The “joy” of plotting heartrate data

There’s been quite a few posts lately in the R world about the joyplot. I emailed my dataviz instructor from last fall this wonderful post that shows how Congress has become more polarized on one side of the aisle. He pointed out this isn’t as new as everyone thinks it is, as Tufte gives an example of it in one of his books from the early 1900s (this image is from slide 71 of this presentation).

In any event, joyplots are great for comparing values over time. I’ve been wearing a heartrate monitor while at the gym since February, and the MotiFit app lets you export that data to a CSV file. I’ve been saving these files each day after working out, but I haven’t done much with it yet. After gathering 6 months of data, it seemed high time to play around with joyplots!

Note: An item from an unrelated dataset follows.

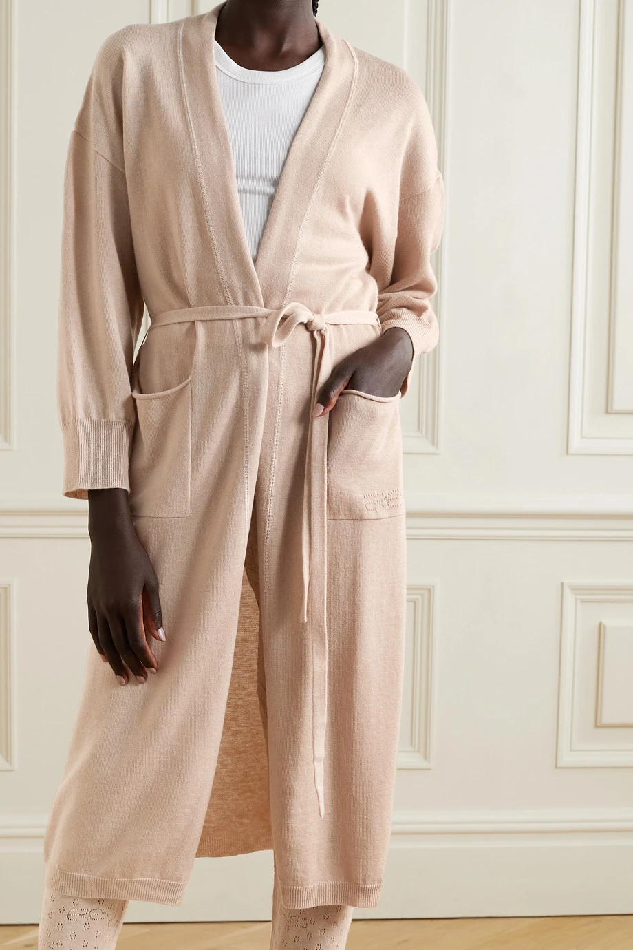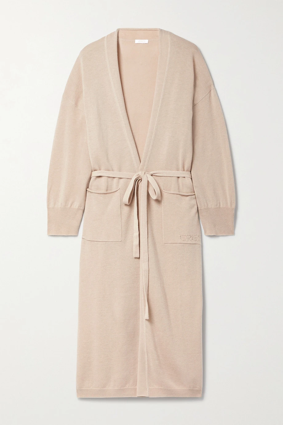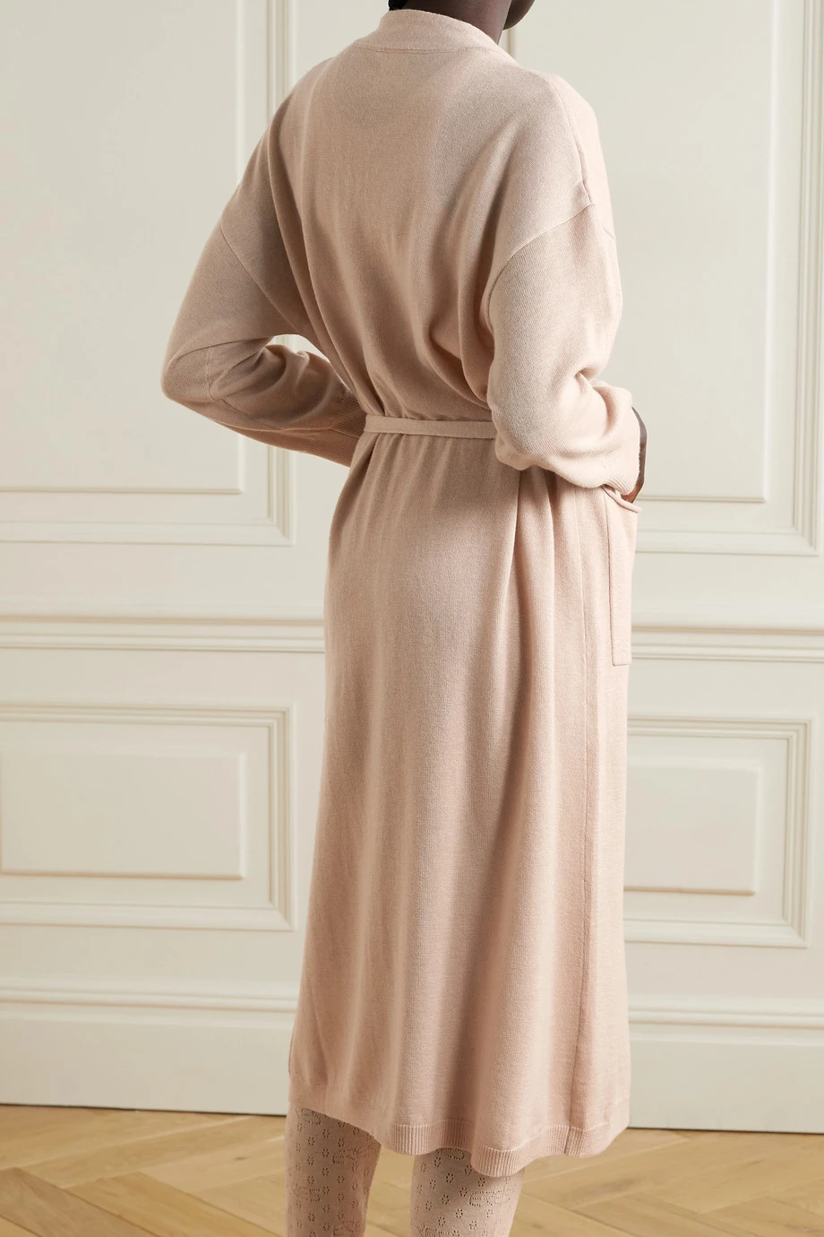 Cette veste longue signée Eres est tricotée à partir d’un mélange de laine et de cachemire délicieusement doux au toucher. Elle adopte une coupe décontractée agrémentée de poches plaquées et d’une ceinture à nouer. Portez-la lors d’un moment de détente associée au T-shirt et au pantalon de survêtement assortis.

The first thing I needed to do was combine all the files, which wasn’t as straightforward as I hoped. The MotiFit app exported data in two different formats and two different encodings, so I had to account for this. I wound up guessing the encodings from the readr package, and then combining the date and time columns where necessary.

out.file <- data.frame()
file.names <- dir(datadir, pattern = "HeartRateData.+?.csv") # You'll need to set datadir

library(readr)
for (i in 1:length(file.names)){
  # exported files are in at least 2 different encodings, so we're going to guess using the guess_encoding function from the readr package 
  encoding <- guess_encoding(paste(datadir, "/", file.names[i], sep=""), n_max = 1000)
  file <- read.csv(
    paste(datadir, "/", file.names[i], sep=""), 
    skip = 1,
    stringsAsFactors = FALSE, 
    fileEncoding = toString(encoding[1,1])
  )
  
  # exported data has 2 or three columns, so if it's three, we're going to join the date and time fields
  if (length(file) > 2) {
    temp.date <- file[,1]
    temp.time <- trimws(file[,2])
    temp.bpm <- trimws(file[,3])
    
    # date format is Wed Feb 8 2017
    temp.datetime <- as.POSIXct(paste(temp.date, temp.time, sep=" "), format = "%a %b %d %Y %H:%M")
    
    temp.df <- data.frame(temp.datetime, temp.bpm)
    names(temp.df) <- c("timestamp", "bpm")
    file <- temp.df
    rm(temp.df)
  } else {
    names(file) <- c("timestamp", "bpm")
    file$timestamp <- as.POSIXct(file$timestamp)
  }
  
  out.file <- rbind(out.file, file)
}

Next, I added a week number column. I’ve been lifting since March on the Wendler 5/3/1 program, which has 4-week cycles of varying intensity (including a deload week). So, the intensity of exercise depends primarily on which week it is.

library(dplyr)

# Used to calculate week number below
start.date <- min(as.Date(out.file$timestamp), na.rm=TRUE)

HR <- out.file %>%
  mutate(
    week = factor(as.numeric(as.Date(timestamp) - start.date) %/% 7, ordered = F),
    bpm = as.numeric(bpm)
  ) %>%
  filter(! is.na(week)) %>%
  arrange(week)

# Reorder factor so oldest week is at top
HR$week <- factor(HR$week, ordered = TRUE, levels = rev(unique(HR$week)))

small multiples

Now that we have the data we need, we can apply the ggjoy! I’m using a custom color scale based on the figures the MotiFit app gives me. To make these look right, however, you need to set the breaks at the midpoint between each value (something I learned in the BMI post).

Here’s the result:

library(ggjoy)

bpm.min <- min(HR$bpm, na.rm = T)
bpm.max <- max(HR$bpm, na.rm = T)

breaks <- c(
  bpm.min,
  (bpm.min + 109) / 2,
  (109 + 123) / 2, 
  (123 + 138) / 2, 
  (138 + 164) / 2,
  bpm.max
)

ggplot(
  HR,
  aes(x = bpm, y = week, height = ..density.., fill = ..x..)
) +
  scale_fill_gradientn(
    colors = c("royalblue", "royalblue", "green", "yellow", "orange", "red"),
    breaks = breaks
  ) +
  geom_joy_gradient(na.rm = TRUE, col = "grey70", scale = 4) +
  theme_joy(font_size = 10) +
  theme(
    legend.position = "none"
  )